First ADHD skin patch approved in the US

By Gregory Roumeliotis

- Last updated on GMT

Related tags Amphetamine Attention-deficit hyperactivity disorder

Shire, Britain's third-biggest drugmaker, has won approval in the
US for Daytrana, a methylphenidate skin patch developed with
Noven's transdermal technology, making it the first non-oral
medication for the treatment of attention deficit hyperactivity
disorder (ADHD) for children aged six to 12, in a market worth
$200m (€165m) in sales per year.

Daytrana has the same active ingredient as Novartis's Ritalin and Alza's Concerta, but is delivered with Noven's DOT Matrix technology through the skin into the bloodstream, providing consistent release throughout the day and more efficient administration.

Shire is already a leader in the ADHD market, holding more than 25 per cent, with its two attention-deficit drugs Adderall and Adderall XR accounting for almost half of the company's $1.6bn revenues last year.

Yet with an estimated 2.5m US children using ADHD drugs, the Basingstoke-based company is battling to fend off challenges from generics and is currently fighting to protect Adderall XR's patent in court against Barr Laboratories and Teva Pharmaceuticals.

As part of Daytrana's licence agreement, Shire paid Noven $25m in 2003 and will pay another $50m now that the Food and Drug Administration (FDA) has approved the drug, with $75m more conditioned upon the achievement of certain sales targets.

"The patch was conceived of and formulated here at Noven in Miami, Florida, and is being manufactured here as well,"​ Noven spokesman Joseph Jones told​.

"Among other challenges [the patch's production faces], Daytrana delivers methylphenidate, a Schedule II controlled substance, so a wide range of security measures are required by the Drug Enforcement Administration (DEA) throughout the manufacturing process."

Schedule II controlled substances are those which have the highest potential for abuse but also have an approved medical use, such as the treatment of pain.

This means the manufacturer is under pressure from the DEA to ensure security in the manufacturing of the patch, from housing the raw materials to storage and shipment.

"The approval of Daytrana is important news for ADHD patients, their families and healthcare providers,"​ said Shire CEO Matthew Emmens.

"In addition to being the only patch treatment for ADHD, it offers a convenient option to deliver medicine for those diagnosed with ADHD."
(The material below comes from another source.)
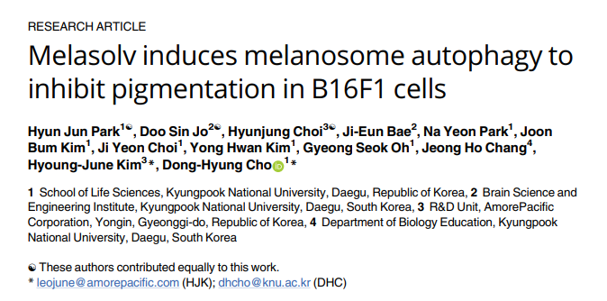 [2] Park HJ, Jo DS, Choi H, et al. Melasolv induces melanosome autophagy to inhibit pigmentation in B16F1 cells. PLoS One. 2020.

In clinical trials it was found that wearing a Daytrana patch for 9 hours provided a duration of effect of 12 hours, though some experts have expressed concerns because the drug can enter the blood stream more directly than with a pill.

Shire said it picked Noven because it can make patches of small size, proper adhesion and low irritation.
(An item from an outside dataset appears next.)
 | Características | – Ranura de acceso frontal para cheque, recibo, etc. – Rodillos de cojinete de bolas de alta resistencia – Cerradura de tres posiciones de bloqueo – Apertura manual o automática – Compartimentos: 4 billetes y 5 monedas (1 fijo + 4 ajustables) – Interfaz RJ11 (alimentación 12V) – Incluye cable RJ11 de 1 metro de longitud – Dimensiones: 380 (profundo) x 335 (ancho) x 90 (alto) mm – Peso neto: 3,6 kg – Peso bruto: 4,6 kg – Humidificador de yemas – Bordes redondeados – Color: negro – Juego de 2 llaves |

Its DOT Matrix transdermal technology uses a semi-solid suspension of microscopic concentrated drug cells evenly dispersed through an uncompromised silicone adhesive.

This is achieved by loading acrylic with high concentrations of drug and then adding a silicone adhesive which repels the drug/acrylic blend much like oil in water.

Thus, the high diffusion gradient between each drug cell and the skin causes the drug to penetrate the skin with efficiency.

The adhesive keeps the patch in place through vigorous activities like swimming, while its high capacity means that with less drug in a smaller patch, the same amount of drug is delivered into the system.

Noven's prescription patches are approved in over 30 countries and, apart from Shire, the Miami-based company boasts Novartis, Endo and Procter & Gamble in its clientele.